I think we're going to have to read Deleuze, not only to interpret that poem but to continue in our exploration of consciousness as informed by phenomenology and post-phenomenological Continental Thought. It seems the best place to start reading Deleuze is with Difference and Repetition. I've located a few pages of that book , available at Google Books, that are enlightening: Follow this link:

Difference and Repetition - Gilles Deleuze - Google Books

This will take you either to three extracts from the book obtained by searching by the name Merleau-Ponty, or directly to the second extract, going to page 77. Scroll up a few pages for orientation and then read pages 77-80, if you will. I am interested in what you, @Pharoah, and @Soupie think of this.

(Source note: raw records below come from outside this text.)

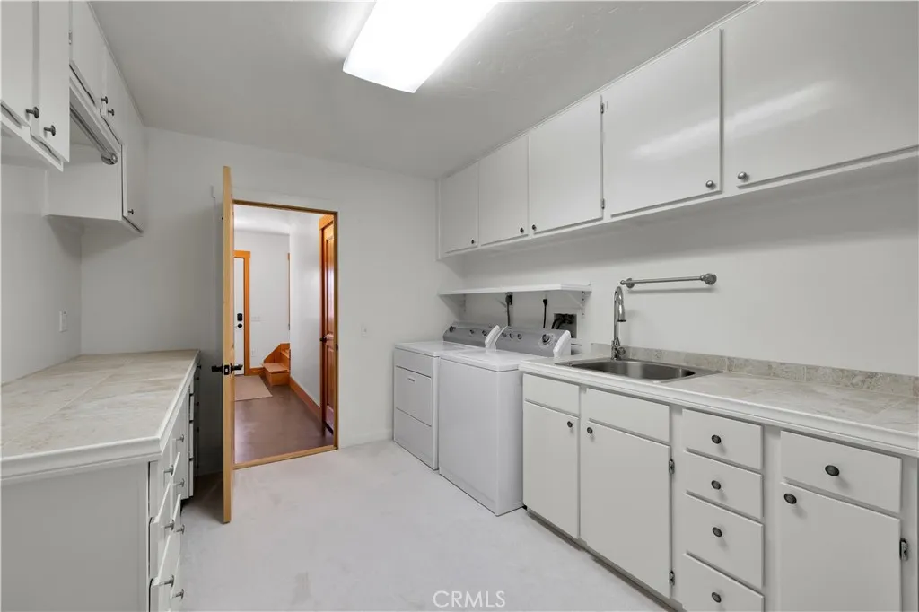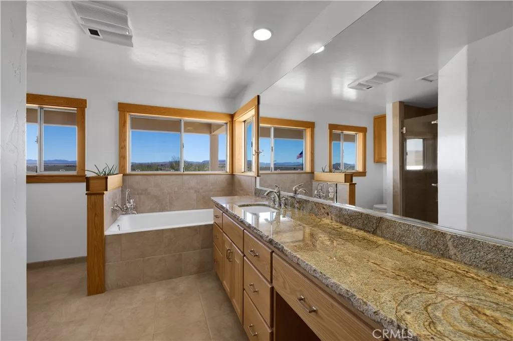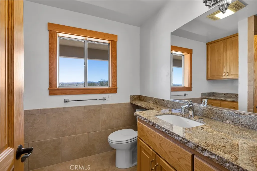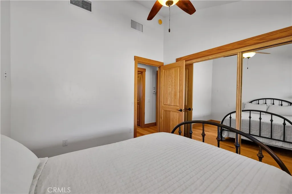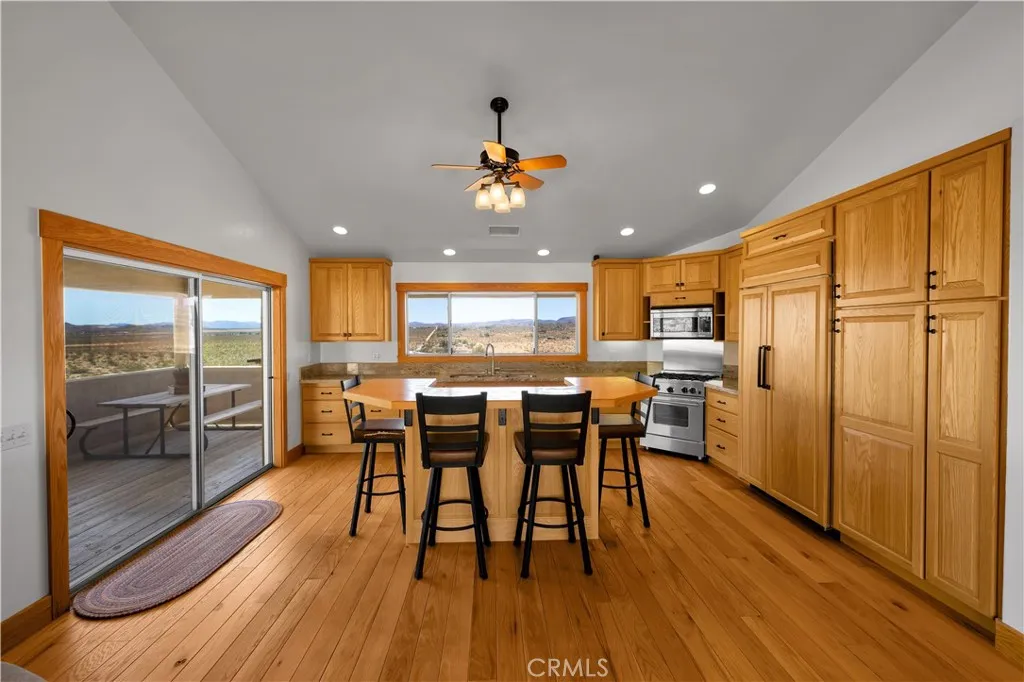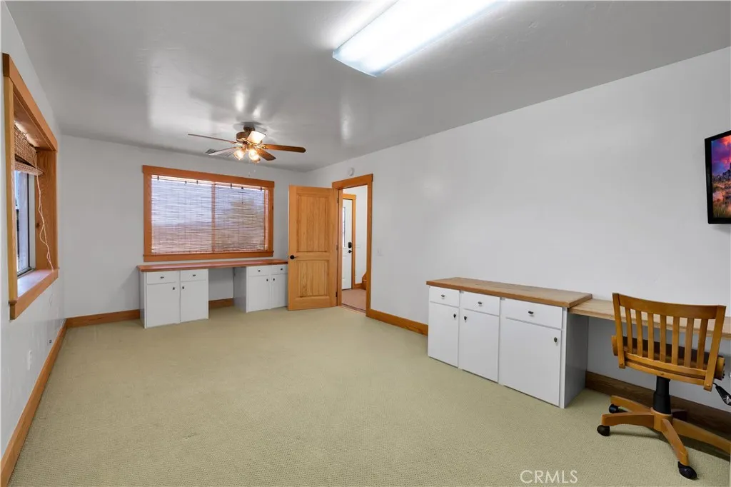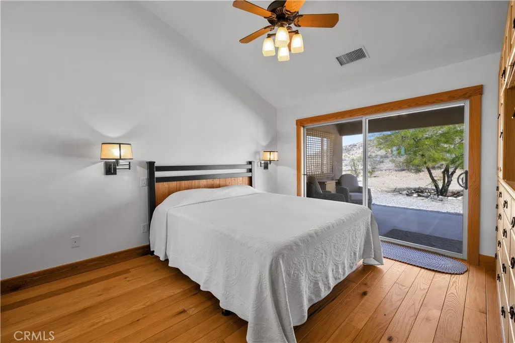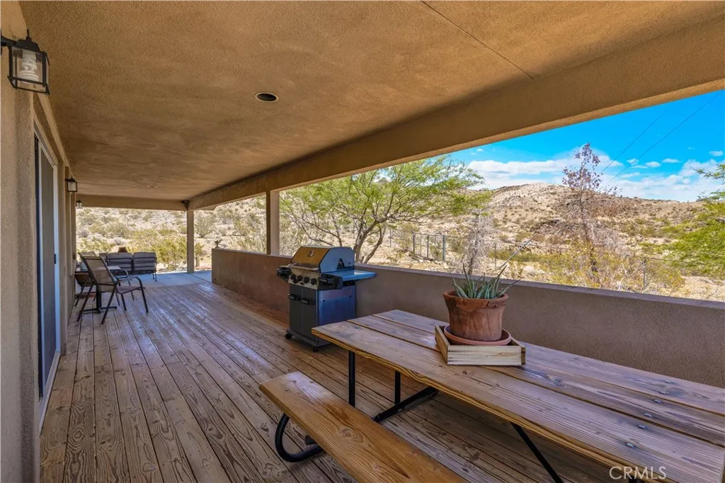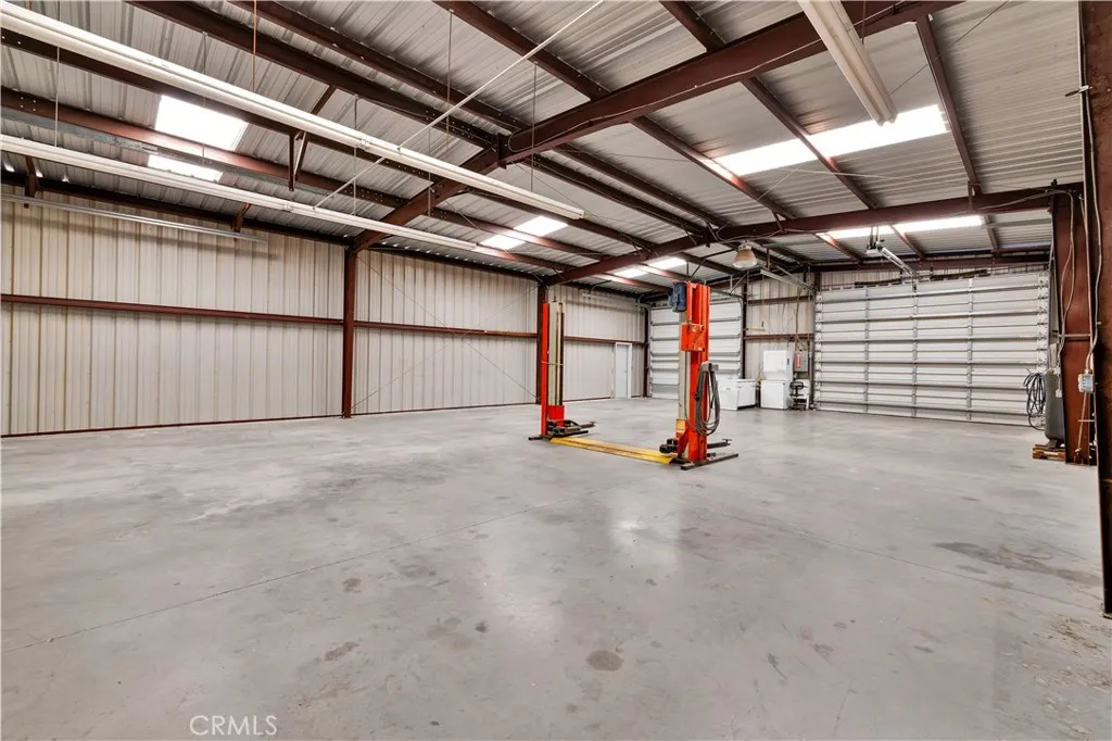 Large two-story main home, additional cabin, and a 2,400 sq ft workshop all on a fenced 5-acre parcel. This unique property is the last home on the street, backed directly against the mountain, offering incredible panoramic views overlooking all of Landers and unmatched privacy. The 2012 custom-built two-story main home features high-end finishes throughout, including real wood flooring, custom oak cabinetry, and laundry rooms on both levels. The upper level showcases vaulted ceilings and an open-concept layout, with a spacious kitchen featuring raw-edge granite countertops, abundant cabinetry, and ample workspace. The living room includes a wood stove and multiple sliders leading to both the front wraparound balcony and back patio. Bedrooms are generously sized, and the primary suite offers a massive walk-in closet, patio access, and a beautifully finished bathroom with soaking tub and walk-in shower. A bedroom on the lower level and a fully finished two-car garage add to the flexibility. The separate cabin provides excellent additional living space for guests, featuring an open layout, well-preserved retro charm, beautiful views, its own bathroom with walk-in shower, front porch, and a cross-fenced yard. The 2,400 sq ft metal workshop is a standout feature, equipped with three RV-height roll-up doors, power throughout with multiple 220 outlets, laundry hookups, a car lift, and custom fabrication tables with built-in storageideal for hobbyists, contractors, or business use. Additional features include a Connex storage container and full RV hookups. Properties offering this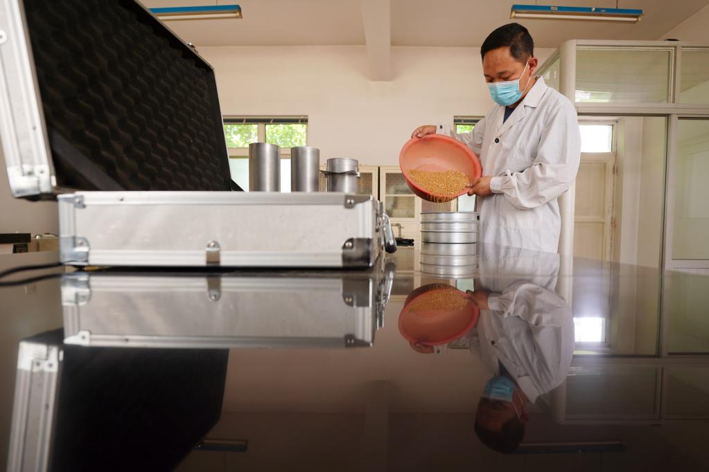 河北柏糧糧食儲備有限公司質(zhì)檢員在檢驗小麥質(zhì)量。(受訪(fǎng)單位供圖)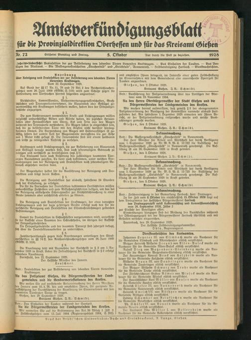 für die Provinzialdirektion Oberheffen und für das Kreisamt Gießen
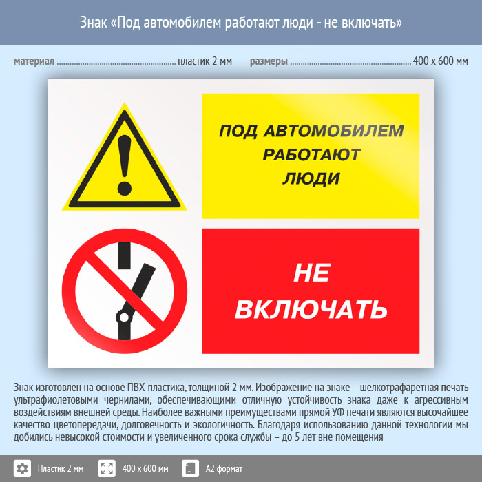 Знак «Под автомобилем работают люди - не включать», КЗ-65 на пластике, размером 600х400 мм подскажет, что в данном месте под автомобилем может находиться человек и прежде чем что-то включить надо сто раз подумать. Комбинированные знаки безопасности состоят из основных и дополнительных знаков с поясняющими надписями и предназначены для изложения комплексных требований, направленных на обеспечение безопасности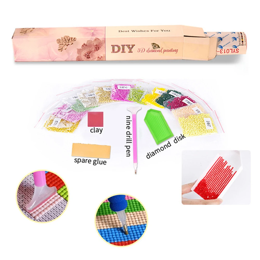 Посылка включает:Полностью сверлильный алмаз, напечатанная ткань, инструменты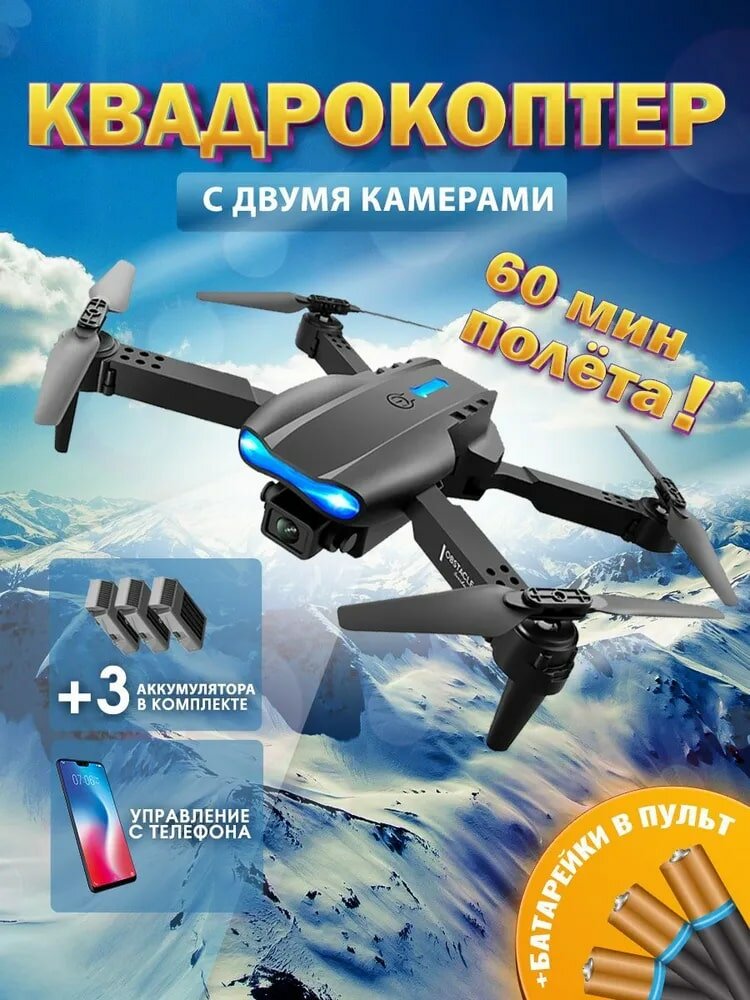 Квадрокоптер, Квадрокоптер с камерой, Квадрокоптер E88pro с двумя камерами 3 АКБ в комплекте, разрешение 1080p. интересное:
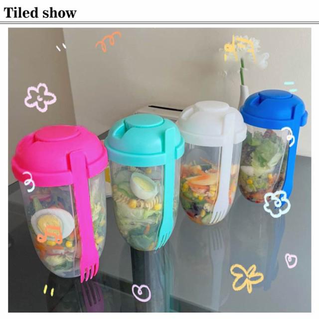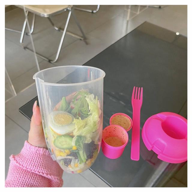2個セット サラダカップ 弁当箱 サラダポット ドレッシングケース付き フォーク付き クリア ランチボックス サラダカップ サラダ容器 一段 お弁当 弁当 サラダ 保存容器 フルーツケース 軽量 持ち運び 通勤 通学 おしゃれ ギフト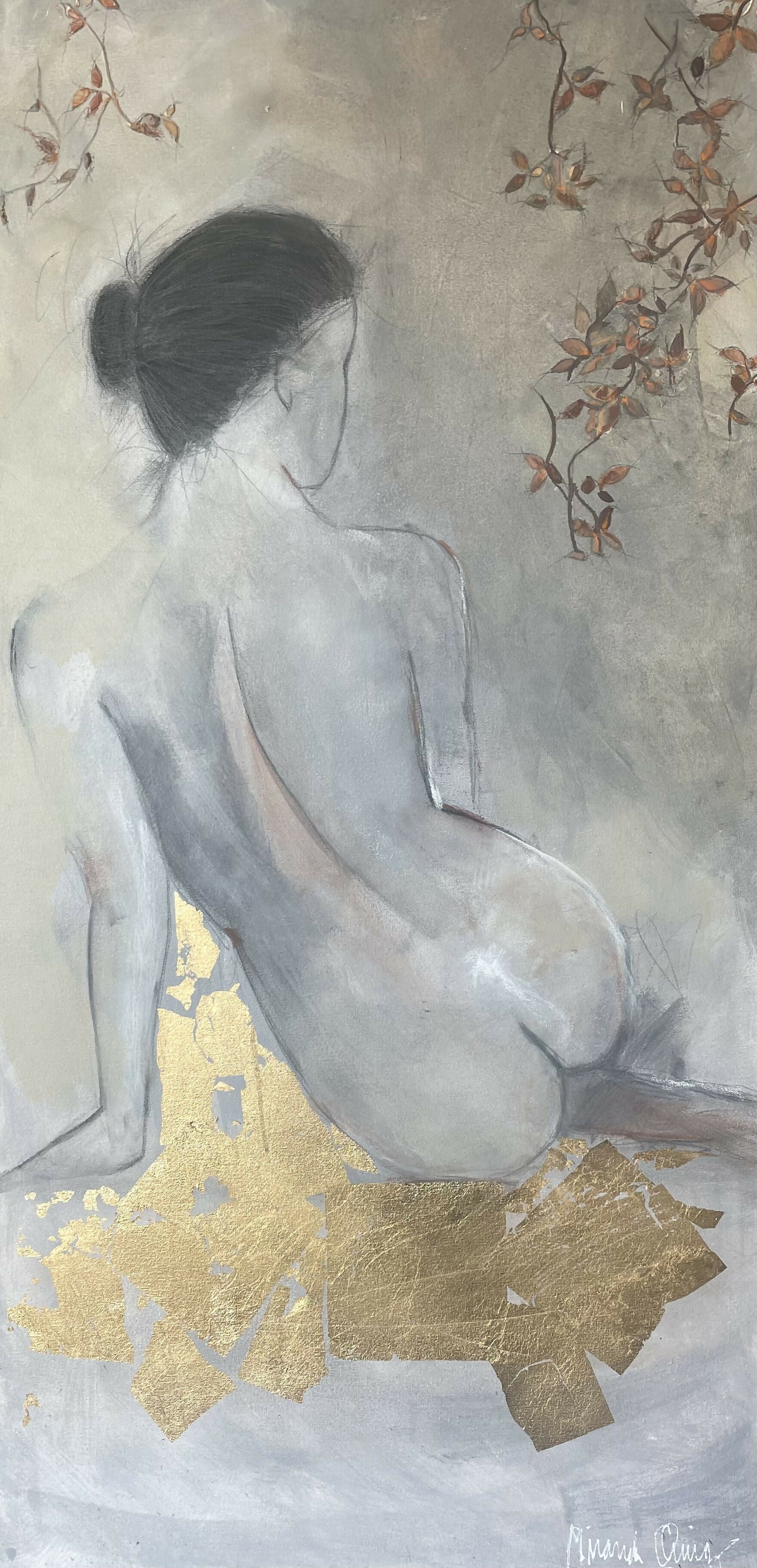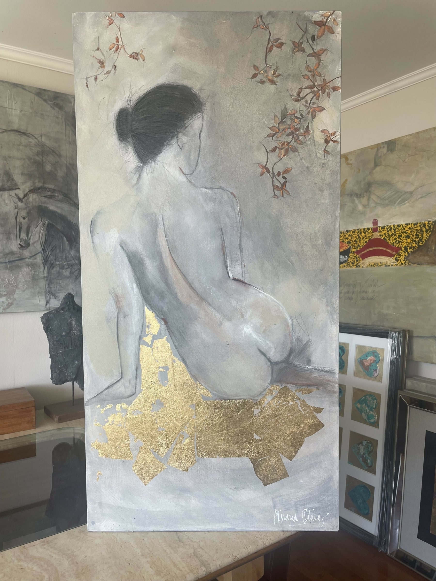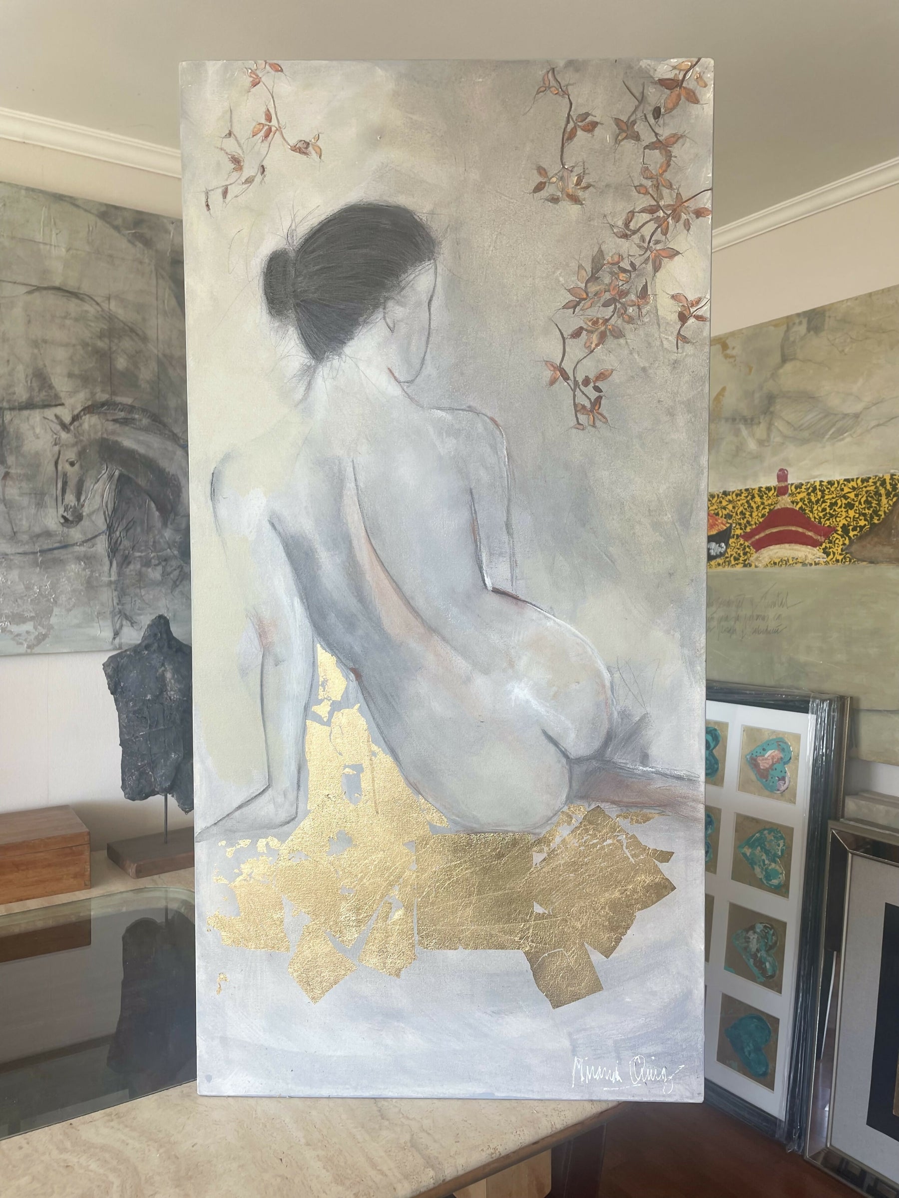 técnica mixta, acrílico, tintas, mina, pastel seco, pastas con polvo de cuarzo y lámina de oro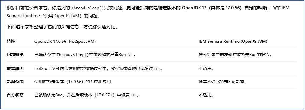 OpenJ9 是IBM对JVM的一个实现,之前同事说0.56他测试下来有问题,sleep失效,导致涉及schedule的cpu全炸了。经询问元宝,说是open JDK 17.0.56这个版本的问题,并非IBM OpenJ9 0.56这个JVM的问题。 跟openJ9 JVM没有关系,这个bug是open JDK 17.0.56引入的,并在open JDK 17.0.57中被修复,只要避开open JDK 17.0.56就行。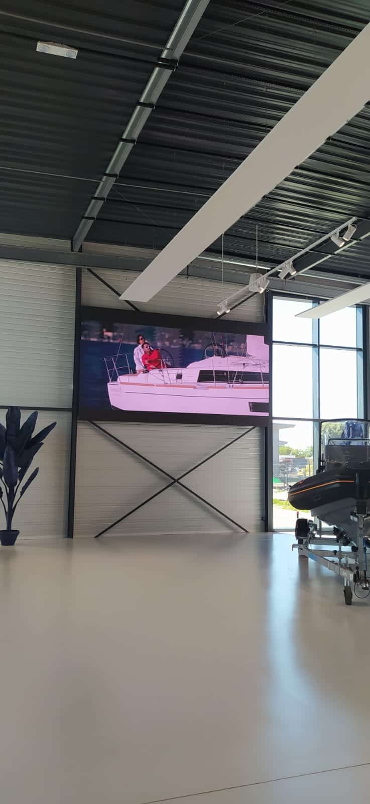Le groupe RCM, qui s’équipe déjà de panneaux LED Cocktail Vision pour des concessions automobiles, a fait le choix de cet écran de 13,75 m2 en définition d’un pitch très fin de 2,5 mm pour équiper et dynamiser le siège de sa nouvelle activité RC Marine, situé à Saint Gilles Croix de Vie.

Are you relating the discussion of problems and ideas (from the first link, foot note to the hard problem? ... oops, I followed your link again to get the foot note # for reference but this time I can't seem to preview the material, it says "no preview available" ... strange because I saw long list of footnotes before ... ? Anyway, here is a quote:

".. the undetermined is not a simple imperfection in our knowledge or a lack in the object: it is a perfectly positive, objective structure which acts as a focus or horizon within perception."

The phenomenology of the hard problem? Of aporia? (just thinking out loud)

Another thing that struck me is:

I shall not here dwell upon the service which philosophy has done to human reason through the laborious efforts of its criticism, granting even that in the end it should turn out to be merely negative; something more will be said on this point in the next section.

[651] But I may at once reply: Do you really require that a mode of knowledge which concerns all men [652] should transcend the common understanding, and should only be revealed to you by philosophers? Precisely what you find fault with is the best confirmation of the correctness of the above assertions. For we have thereby revealed to us, what could not at the start have been foreseen,

namely, that in matters which concern all men without distinction nature is not guilty of any partial distribution of her gifts,

and that in regard to the essential ends of human nature the highest philosophy cannot advance further than is possible under the guidance which nature has bestowed even upon the most ordinary understanding. - Kant

Now what does this mean?

There is this explanation:

"One final implication of Kant's philosophy is that its insistence on an area of necessary human ignorance keeps the philosopher humble. This might seem surprising, especially for those of you who have read some of Kant's own writing, since Kant was certainly not ignorant about the
greatness of his own achievement! For on several occasions he proudly explained why his system is superior to those of all past philosophers.
But my point here is that, whereas most philosophers' ideas are based on the assumption that philosophers have access to some kind of special knowledge to which the man on the street is blind, Kant's philosophy puts philosophers in general on an even par with non- philosophers when it comes to their ability to gain knowledge about the most basic metaphysical issues. Because Kant used such complicated terminology to express his ideas, this implication of his philosophy is often overlooked, even by those who spend years studying his writings. Yet Kant stated this "humiliating" aspect of his Critical system clearly enough on several occasions. One of the best examples, near the end of the first Critique (pp. 651-2), is worth quoting in full:


So, humility as a philosophical tool, arrogance as an intellectual fault.

namely, that in matters which concern all men without distinction nature is not guilty of any partial distribution of her gifts,

Kant's philosophy puts philosophers in general on an even par with non- philosophers when it comes to their ability to gain knowledge about the most basic metaphysical issues.